14 Jul 2006 @ 11:04, by John Oates
Just look around you at all the people and imagine what is going on inside each head. Each person, as a detached physical and mental entity, may be very different in opinion and activity but all are conducting, to some degree, a private and perhaps totally secret but essentially similar struggle in the mind.
All creatures on Earth, excepting ourselves, pursue life with vigour and without question, requiring no more than the instinctive impulsion of energy, or life-force, to give them their singleness of purpose. We, having the faculty of knowing and reasoning, or intellect, require a reason for living, a purpose other than merely to live - a meaning to warrant our presence here. What we really want to know is truth, but growing understanding of truth would bring increasing desire to live by it. Existing reality is false and requires, on the contrary, that we automatically ignore, deny, or flout truth. To overcome this dilemma we have invented religions enabling us to claim morality while practising immorality.
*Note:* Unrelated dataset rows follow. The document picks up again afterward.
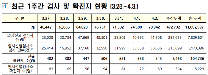 ▲ 3일 0시 기준 코로나19 국내 신고 및 검사 현황. [출처= 중앙방역대책본부] |
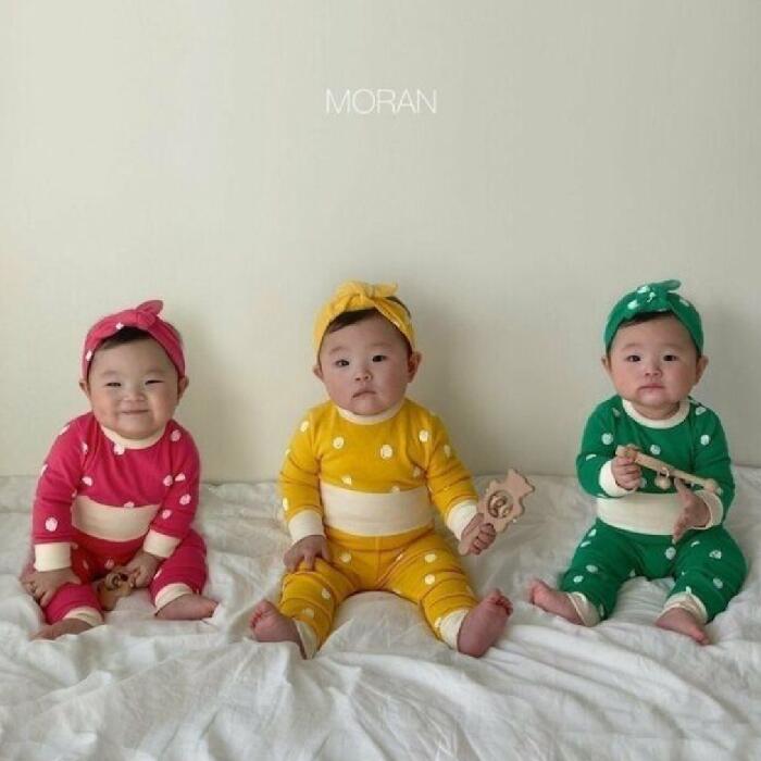 ドット ロンパース パンツ ヘアバンド セット レッド グリーン イエロー 3点セット セットアップ カバーオール つなぎ ズボン 長袖 水玉 赤 緑 黄色 子供服 こども服 こどもふく 韓国子供服 70cm ベビー服 赤ちゃん ベビー キッズ 男の子 女の子 可愛い お洒落 春 夏 秋 冬
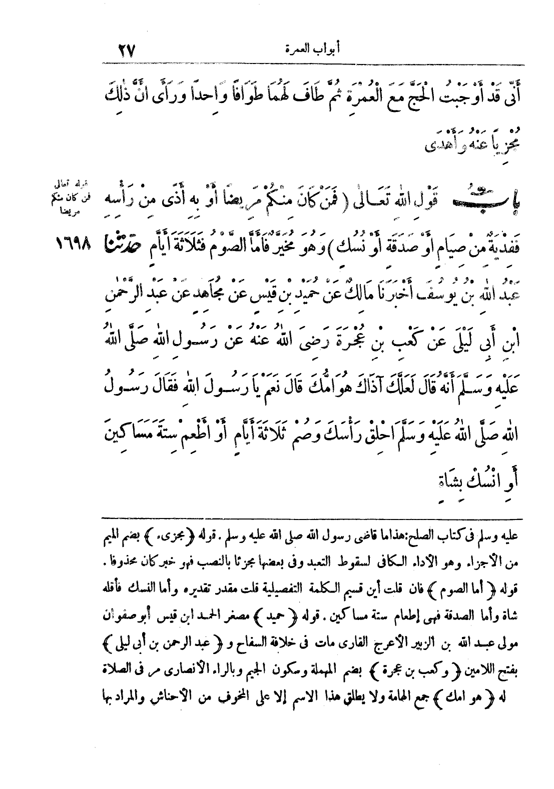 1698 - حَدَّثَنَا عَبْدُ اللَّهِ بْنُ يُوسُفَ أَخْبَرَنَا مَالِكٌ عَنْ حُمَيْدِ بْنِ قَيْسٍ عَنْ مُجَاهِدٍ عَنْ عَبْدِ الرَّحْمَنِ بْنِ أَبِي لَيْلَى عَنْ كَعْبِ بْنِ عُجْرَةَ رَضِيَ اللَّهُ عَنْهُ عَنْ رَسُولِ اللَّهِ صَلَّى اللَّهُ عَلَيْهِ وَسَلَّمَ أَنَّهُ قَالَ لَعَلَّكَ آذَاكَ هَوَامُّكَ قَالَ نَعَمْ يَا رَسُولَ اللَّهِ فَقَالَ رَسُولُ اللَّهِ صَلَّى اللَّهُ عَلَيْهِ وَسَلَّمَ احْلِقْ رَاسَكَ وَصُمْ ثَلَاثَةَ أَيَّامٍ أَوْ أَطْعِمْ سِتَّةَ مَسَاكِينَ أَوْ انْسُكْ بِشَاةٍ
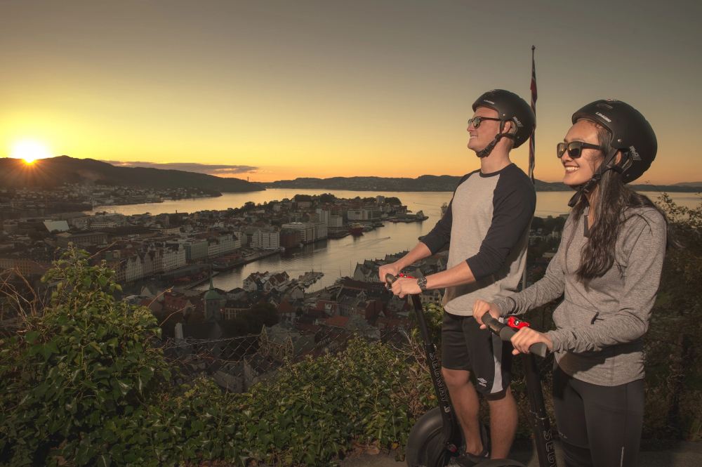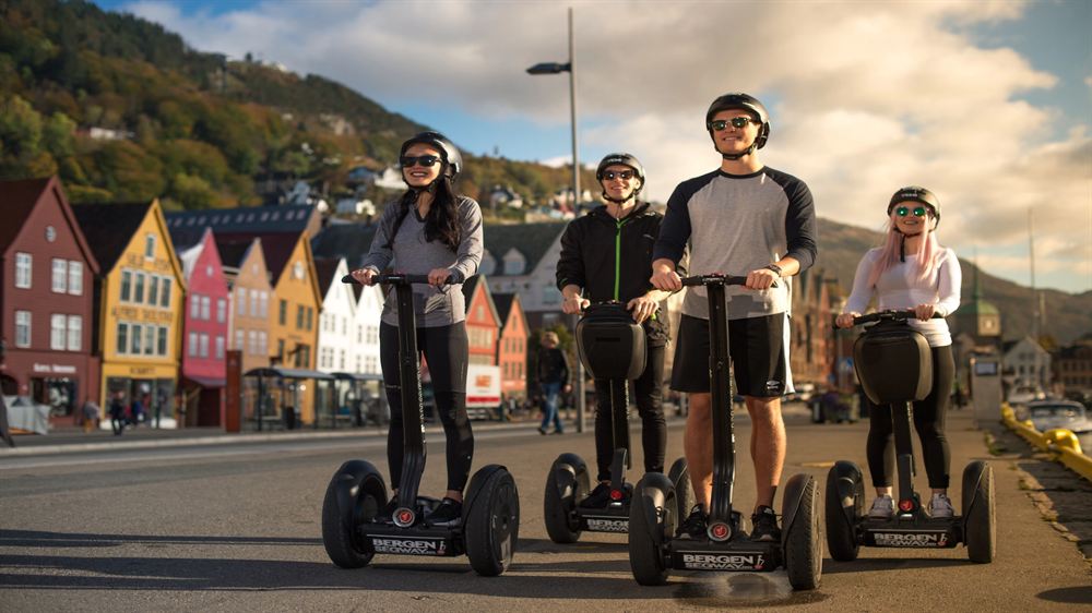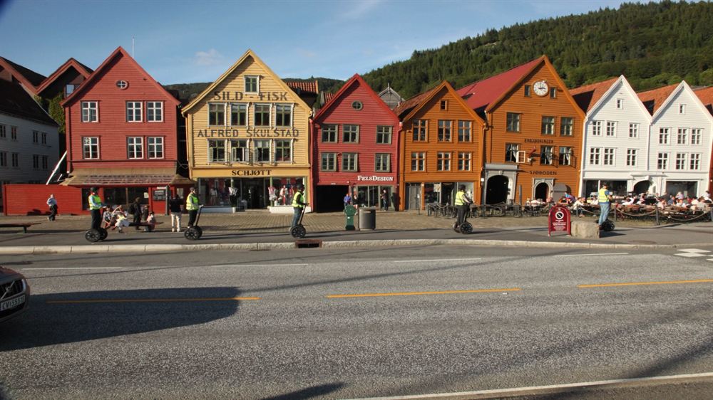 The journey begins at Cruise Terminal 2 in Bontelabo, just a short walk from the city center. Here, there's a spacious area perfect for practicing on Segways, where everyone can learn the basics before starting the tour. Then, the adventure continues through Bergen Fortress and its beautiful parks. Next, you'll head to the historic Bryggen (a UNESCO World Heritage Site) before making your way to the fish market. Afterward, the tour will take you to Akvariet i Bergen - The National Aquarium, followed by a visit to Nordnes Park. This is one of Bergen's most beautiful parks, leading you to the westernmost point of the city center. The route then proceeds to a monastery in Nordnes before passing through Galgebakken and Knøsesmauet, exploring several of Bergen's classic alleyways and some of its most stunning streets. From Nordnes, the guide will lead you to Den Nationale Scene (the National Theater), the Blue Stone, St. John's Church, and Lille Lungegårdsvannet. You'll then continue through Kalfarveien in downtown Bergen before reaching Fjellveien. At Fjellveien, you'll enjoy breathtaking views of Bergen's city center and surrounding areas—guaranteed to offer excellent photo opportunities! From Fjellveien, you'll drive back to Bergenhus Park in the city center.
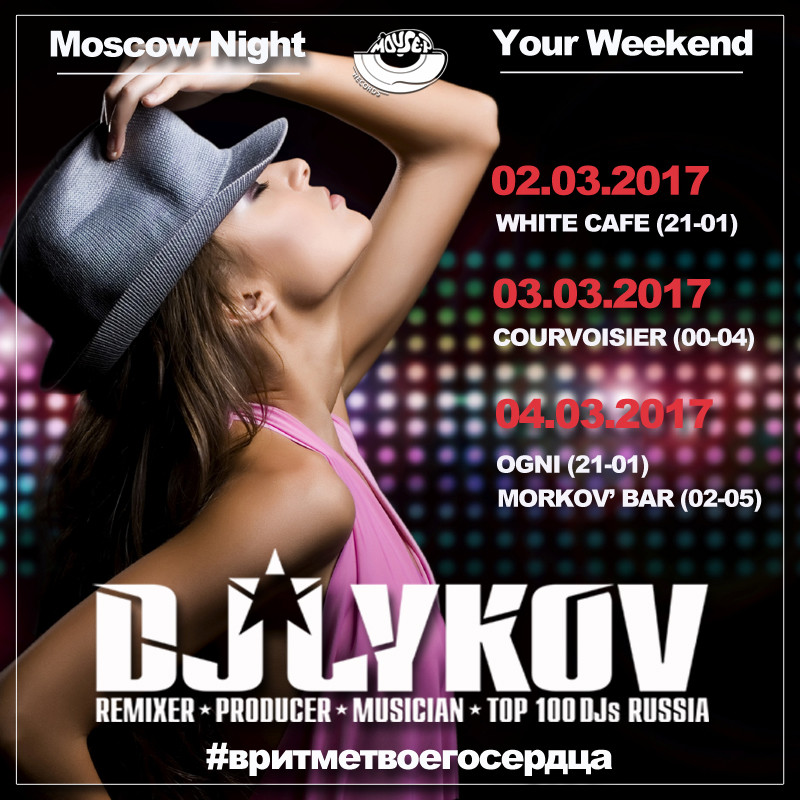 Resident: FASHION MUSIC RECORDS (Moscow), MOUSE-P (Moscow), Курвуазье (Courvoisier), (Moscow), Огни (Moscow), ДАНТЕС (Moscow), Шатер (Moscow), WHITE CAFE (Moscow), Рублевский (Moscow), NIGHT BUS CLUB (Moscow), Chesterfield (Moscow), Stariki бар (Moscow)
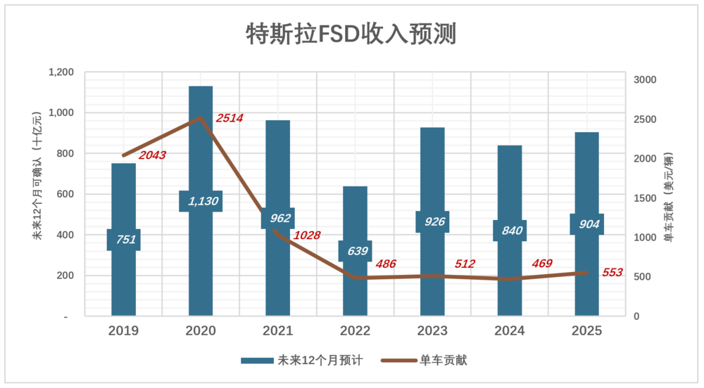 2025年交付163万辆,未来12个月(即2026年)可确认FSD收入为9.04亿美元;每卖一辆车,次年可确认553美元FSD收入;
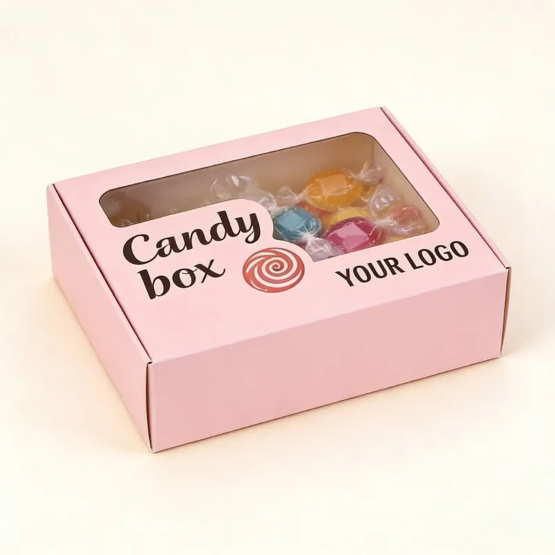 Kotak Pembungkus Biskut Coklat, Makanan Ringan Manis, Donat, dan Pencuci Mulut Berkualitas Tinggi yang Boleh Terurai Secara Semula Jadi; Kotak Kertas Murah dengan Tingkap Lutsinar

The adoption of religions further enables us to combine morality with immorality by fighting to defend our own faith against others of different faiths. That we do this despite the fact that all religions are opposed to violence indicates that religions do not arise truly from within – from the postconscious mind and via conscience - but are imposed from without. Men identify with their different religious labels rather than with their true common humanity and use those labels to justify their unintelligent behaviour.
The many examples of religious war are well known, illustrating the insane contradiction between authority’s word and action and the strange willingness of men to obey orders and carry out violent acts that are truly repugnant to them.